Today is Holocaust Memorial Day.
I have been an ambassador for the Holocaust Educational Trust since I took part in their Lessons from Auschwitz project in 2008. The trust aims to educate about and show the contemporary relevance of the Holocaust as well as to help to combat all kinds of prejudice in society today. Its Lessons from Auschwitz project takes sixth form students from around the country to visit the Auschwitz-Birkenau, meet survivors and encourage them to take an active role in Holocaust remembrance and education upon their return.
I wanted to mark Holocaust Memorial Day on my little corner of the internet by telling you about my personal experience of visiting Auschwitz-Birkenau, Poland.
It is hard to explain the affect that a visit to
Auschwitz-Birkenau has on each individual that visits. There is no text book
reaction; some cry, some stare blankly.

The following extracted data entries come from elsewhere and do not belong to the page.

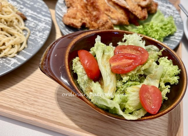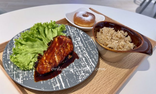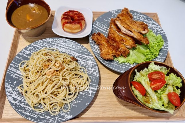 Here are pictures of our lunch. For choice of main course, we tried the chicken katsu curry and salmon teriyaki. Our choice of carbo were garlic rice and aglio olio pasta.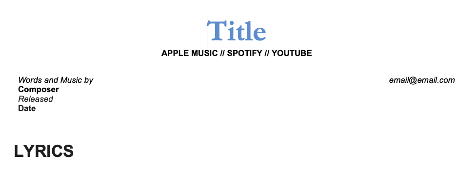 - Two (2) templates for lyrics only. A Microsoft Word template, and a parallel template that works in Google Docs.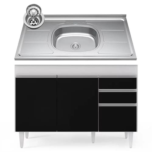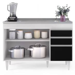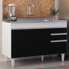 Procurando funcionalidade para sua cozinha? Vem conhecer o Balcão Gabinete com Pia Inox 120cm Michigan Branco/Preto, da Lumil!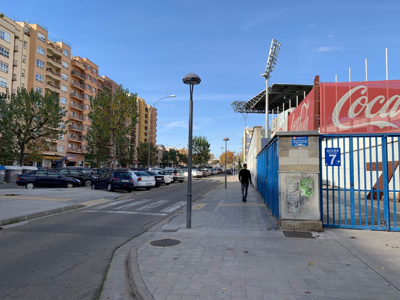 A partir de l’avinguda Navarra, aquest tercer carril més pròxim a l’estadi es tanca al trànsit de vehicles, com ja passava en dies de partit, i es segrega un espai per a l’ús de bicicletes.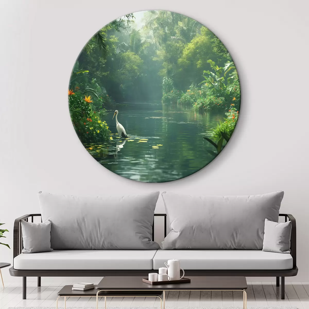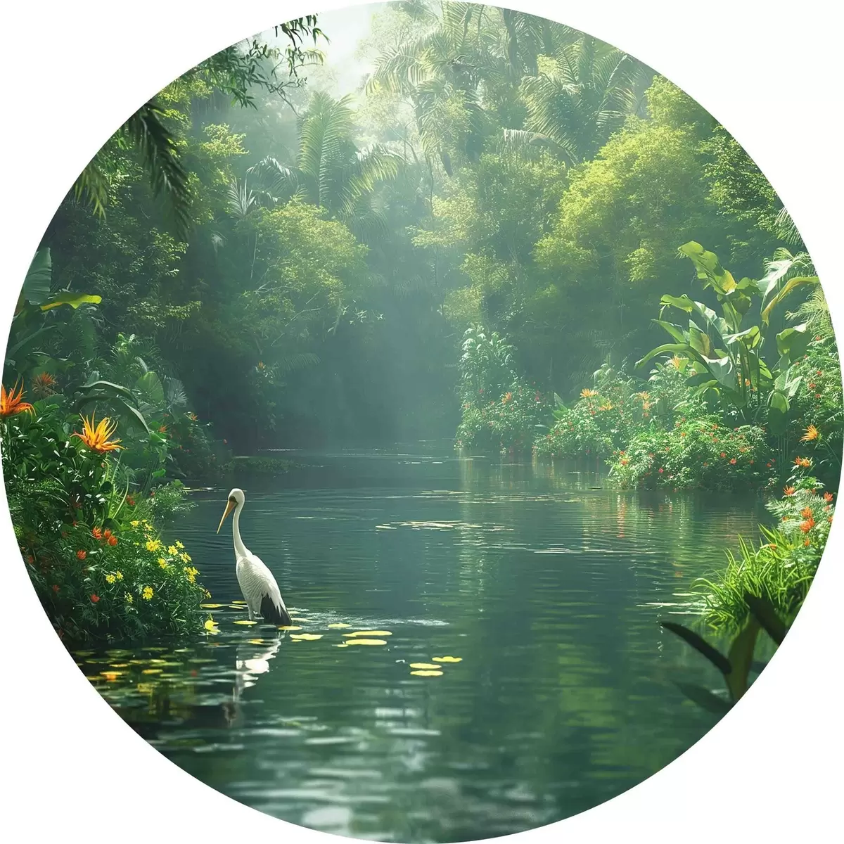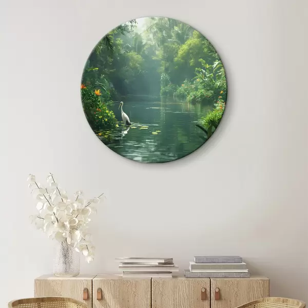 Apaļas gleznas Ezers tropu mežā r38091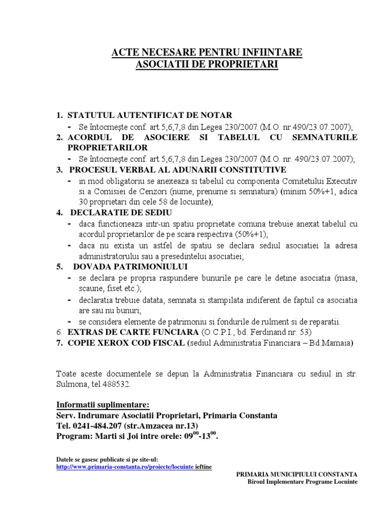 Infiintare Asociatie Proprietari Infiintare Asociatie Proprietari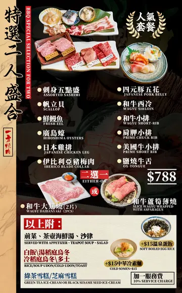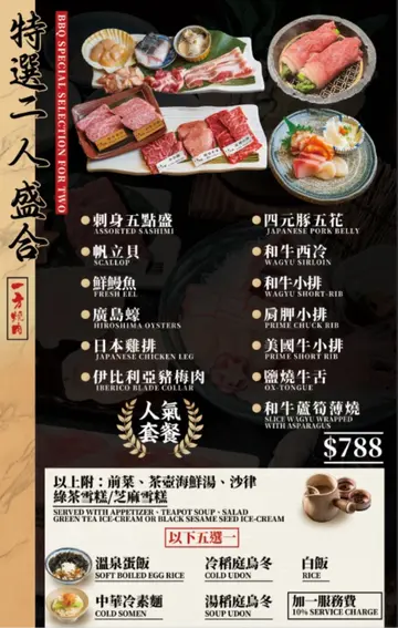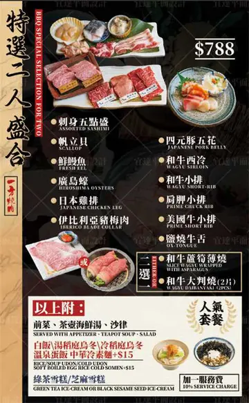 🔥大角咀利奥坊一方烧肉,食过三、四次,系贪新鲜、钟意试新嘢嘅我,少数会encore再encore嘅餐厅。楼底高、啲位超级阔落、仲有他他咪独立房。星期一至四嘅自选一人前由我第一次食$148加到$178,但依然好抵食。我会拣+$30、$208自选「四𩠌」。🥩牛小排必选,好味过肩胛小排。每份有3件,牛小排其中一件切成厚切方块粒。超正。🦐海虾(1只)同🦪广岛蚝(3只)上次食过好好味,所以再encore。另外试咗鲜鳗鱼🪱同店员极力推介嘅🐖黑豚猪梅肉。🐷黑豚酸梅肉用甜面豉腌过,肉质爽弹,甜甜哋,真系冇介绍错😋出面食烧鳗鱼好贵,呢度嘅有少少泥味,但新鲜弹牙,配鳗鱼烧汁。呢间最劲系唔止肉类,连看似配角嘅海鲜都极高质。🐟另外加咗$118五点刺身,本身对烧肉店嘅刺身冇乜特别期望,以为只系畀客人多个选择,点知极度喜出望外,样样都厚切同非常新鲜。套餐仲包沙律、中华沙律、面豉汤、蔬菜盘、饭或乌冬(呢度嘅冻乌冬都好好味)同维记雪米糍。最惊喜系送烧鳕鱼干(之前食冇、居酒屋叫一碟都唔平)。🔥炉靓火靓网靓,真心啲肉点烧都有靓仔格仔纹🥓抽风好,食完件衫完全冇味。用咗openrice$50买$100券,一至五只限晚市,星期六日就全日。但只限用两张,如果食得好豪over$1000嘅,平时餐厅就咁九折仲抵。但最最最抵系星期六日嚟食lunch set+用券,更平,𠮶个和牛set真系物超所值。…查看更多

For the many responses, there is one
resounding and unspoken link between them – the realisation. There are not many
that do not know of the fate of the 11million Nazi victims, 6million of those
Jewish – we learn about it at school, the text books tell us all the facts. What
I have learnt is that facts never prepare one for experience, for the
realisation: putting a face, a name and a story to every one of the victims of
the atrocities that took place at camps like Auschwitz-Birkenau, and all over
Europe. The figure 11million translates in to individuals as you walk the
stairs of the Auschwitz I labour camps, uneven under foot, worn from the tread of
the prisoners and perpetrators who walked them before you.
I visited the camps back in the winter of 2008 and there are
still a number of things that remain imprinted in my memory. It was a grey day,
the sky heavy with rain clouds, I remember how it contrasted with the redbrick
buildings of Auschwitz I. I thought it odd that all this time I’d imagined the
place in greyscale – just like the textbook photos. Walking through the
barracks, through the exhibits of victims belongings, touched everyone the most.

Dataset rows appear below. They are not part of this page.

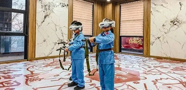 在景区核心区域,安平县精心打造的红色虚拟现实XR影院集娱乐、教育、培训、展示功能于一体。影院采用全虚拟建模场景与精准空间定位系统,观众头戴仅300克的国产双目8K XR设备,可在180度超宽视野中自由行走于虚拟场景。首映影片《红色回响·征途》观众可亲历一大会址、南昌起义、井冈山斗争、长征飞夺泸定桥、百团大战、敌后武工队行动等历史场景,通过枪械操作、密码破译、战术协同等30余项互动体验,完成从“旁观者”到“传承者”的身份转变,在声光电交织的多维叙事中感受革命火种从萌芽到燎原的征途。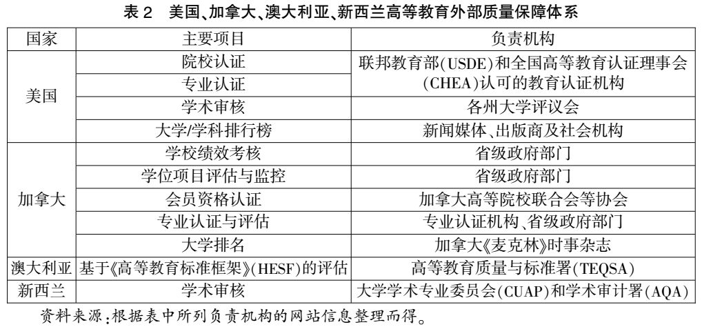 美国、加拿大、澳大利亚和新西兰的高校内部质量保障体系较为多元,鉴于篇幅有限,主要对其外部质量保障体系的基本架构进行梳理和呈现。(见表2)美国的外部质量保障主要由院校认证、专业认证、学术审核和大学/学科排行榜等项目组成,联邦教育部(USDE)、全国高等教育认证理事会(CHEA)不直接参与认证工作,而是交由其认可的认证组织具体负责。加拿大没有国家层面的教育质量保障机构,其高等教育质量保障体系主要由省级政府部门主导开展的学校绩效考核和学位项目评估与监控,高校联合会等专业协会开展的会员资格认证与质量保障以及社会媒体组织的大学排名等组成。在澳大利亚,高等教育质量与标准署(TEQSA)是一个独立的、非营利性机构,承担着高校资格注册、质量评估、专业及课程认证、咨询和建议、信息发布、培训等职能,并拥有注销不合格高等教育机构等方面的行政处罚权。新西兰最重要的高等教育外部质量保障机制主要是由各高校资助成立的大学学术专业委员会(CUAP)和学术审计署(AQA)负责监督与执行的学术审核,目前学术审核已开展到第6轮(2017—2023年)。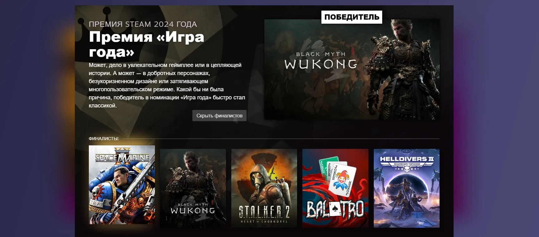 Полный список победителей The Steam Awards 2024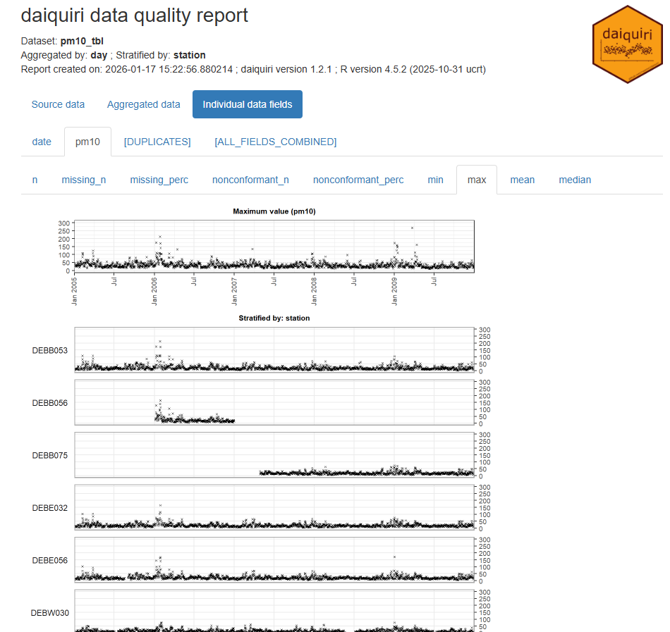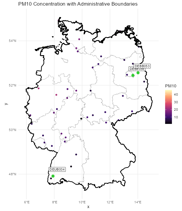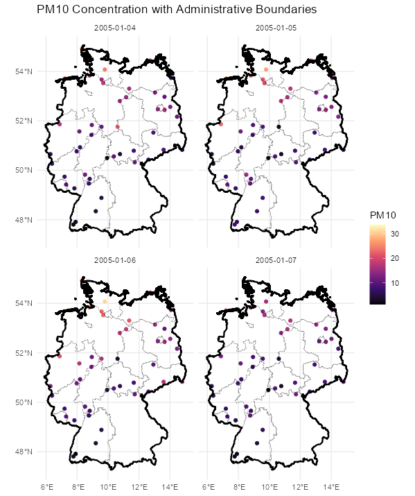 - Further preprocessing steps might be necessary to improve the modelling of this PM10 data set such as for instance a temporal AR-model followed by spatio-temporal residual kriging or using further covariates in a preceding (linear) modelling step.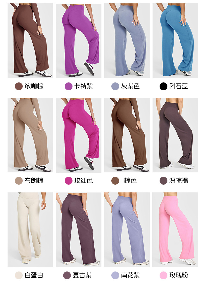 느슨한 스트레이트 다리 바지 요가 바지 여성용 슬리밍 높은 허리 엉덩이 리프팅 호흡 불가 라인 스포츠 피트니스 바지 넓은 다리 바지
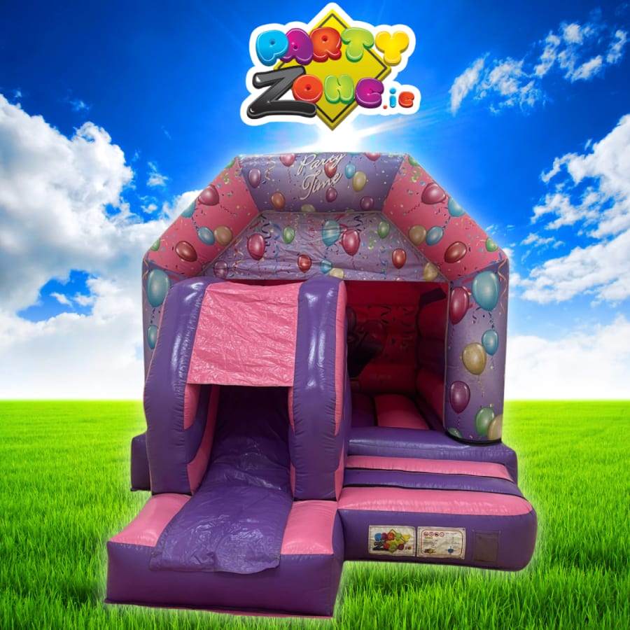 Here is our fantastic Pink/Purple party theme bounce and slide

Behind the glass, now an artefact in a museum, were the keys of a man who
locked his front door on the morning of the transport, hoping to return one day
to the house in which he grew up. In a room full of human hair, shaved from
victims on arrival at the camps, were the plaits of a little girl who was
gassed and burnt in Birkenau, still tied with faded ribbons. We saw the
photographs that victims brought with them – the wedding pictures, the birthday
snapshots, the family portraits – photographs like you have at home; smiles,
laughs and memories. In stark contrast, the registration pictures of the same
people as they entered the camp, their eyes not full of hate, but pleading - pleading
with us across the years to remember, and not only to remember but to learn. To learn a lesson from the senseless cruelty that
caused their pain, to build stronger and more tolerant communities, to
safeguard the future from such atrocities. These were people no different from
you or I; they were mothers, fathers, sisters, brothers, grandparents and aunts
and uncles. It is true to say that ‘hearing is not like seeing’.

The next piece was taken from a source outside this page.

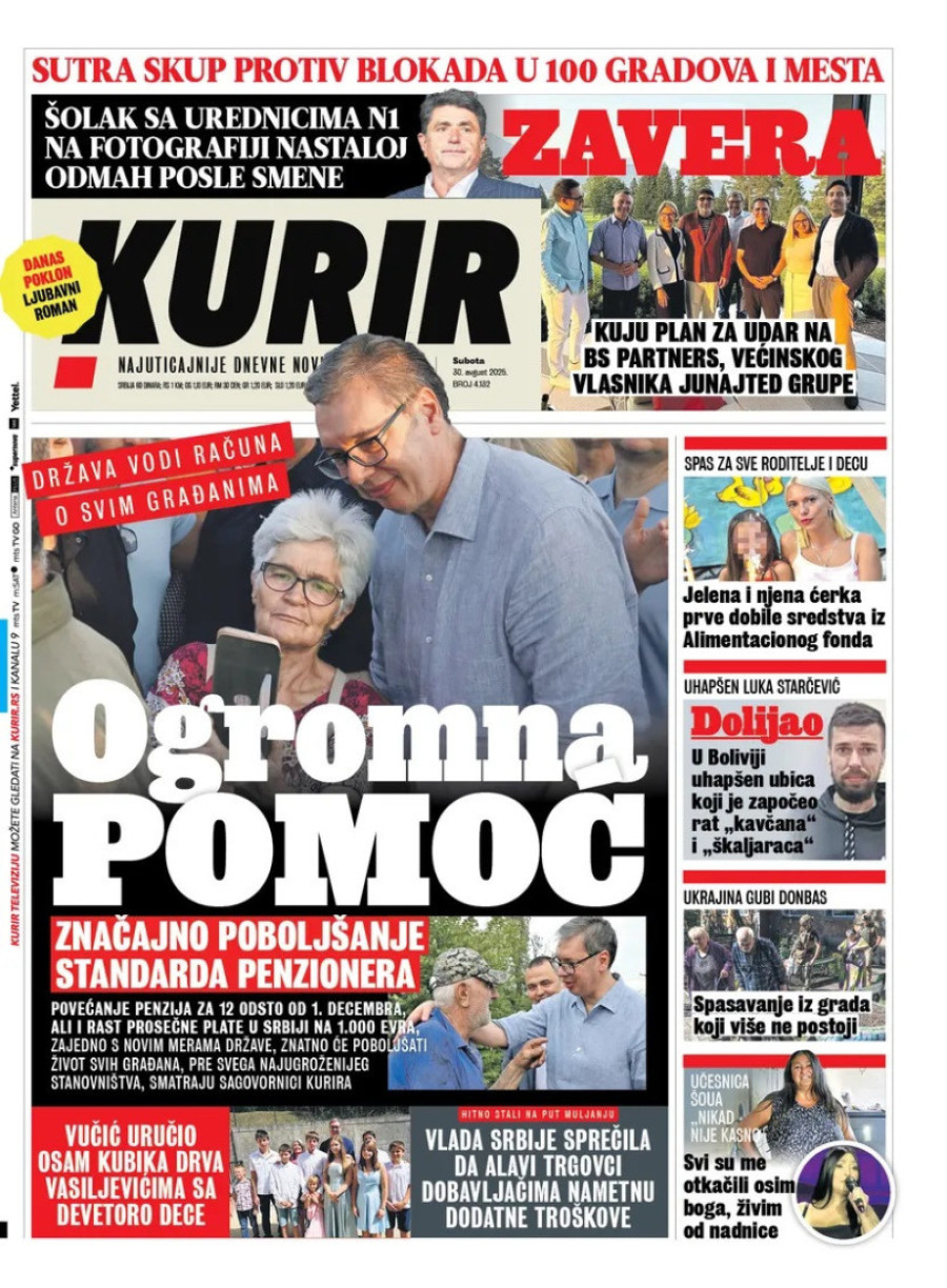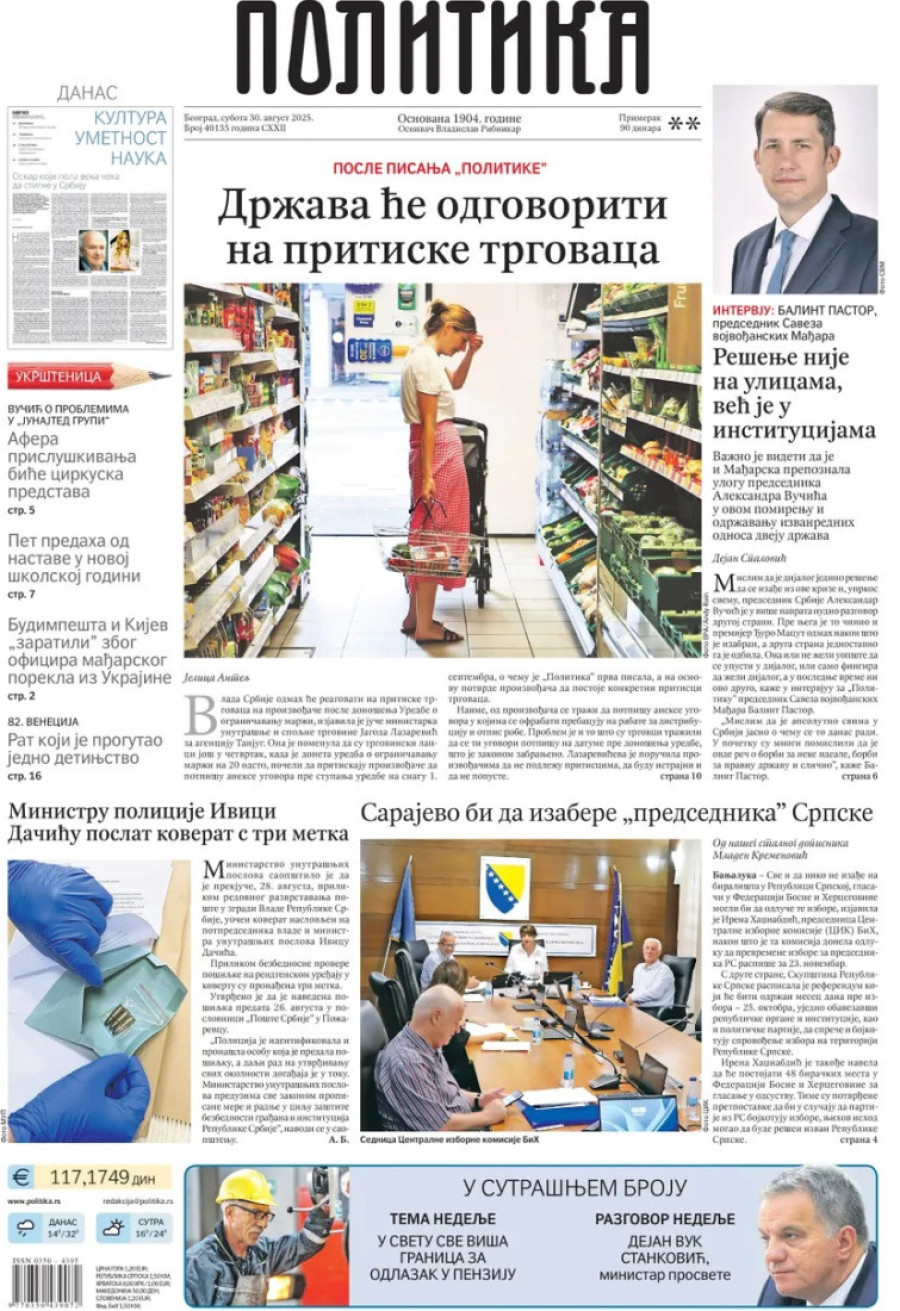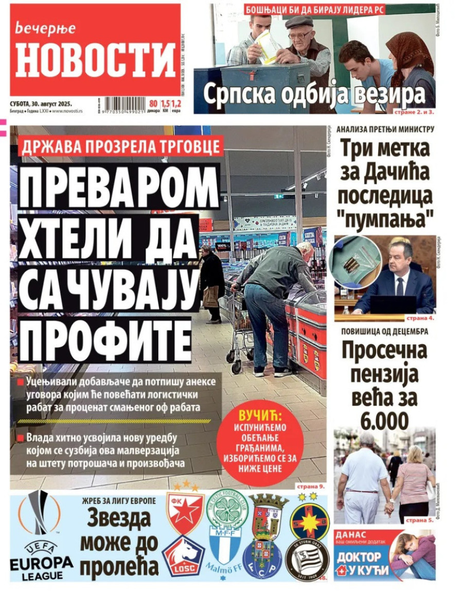 Naslovne strane dnevnih novina: Prelistavanje štampe za 30. avgust 2025. godine

After we left Auschwitz-Birkenau, the infamous gate and
watch tower, the gas chambers, furnaces, barracks and barbed wire were all as
they were upon our arrival. The only trace that we’d been there at all were the
hundreds of candles we left burning trackside. A small tribute to the 1.2 million
who died there, to those who, in the face of adversity, resisted, and to those
who lived to tell of the horrors that occurred there.
This year’s Holocaust Memorial Day marks the sixty ninth
anniversary of the liberation of the Auschwitz-Birkenau. The number of
Holocaust survivors is dwindling and soon there will be nothing but their
memoirs by which to remember their suffering. The lessons I learnt from
Auschwitz 6 years ago stay with me today. I can speak for all of us when I say
that we left those camps the same people but with a new determination –
determined that we mustn’t tolerate racism or prejudice even in the minority, determined
to tell people about what we had seen, to spread our knowledge, to give people
a better understanding, and to encourage people to stand up for what they know
is right. Above all we must never forget, and never let it happen again.
For more information on the Holocaust Educational Trust or to make a charitable donation to support their vital work, please visit http://www.het.org.uk/ .
For more information on this year’s Holocaust Memorial Day, please visit http://www.hmd.org.uk/ .
For more information on this year’s Holocaust Memorial Day, please visit http://www.hmd.org.uk/ .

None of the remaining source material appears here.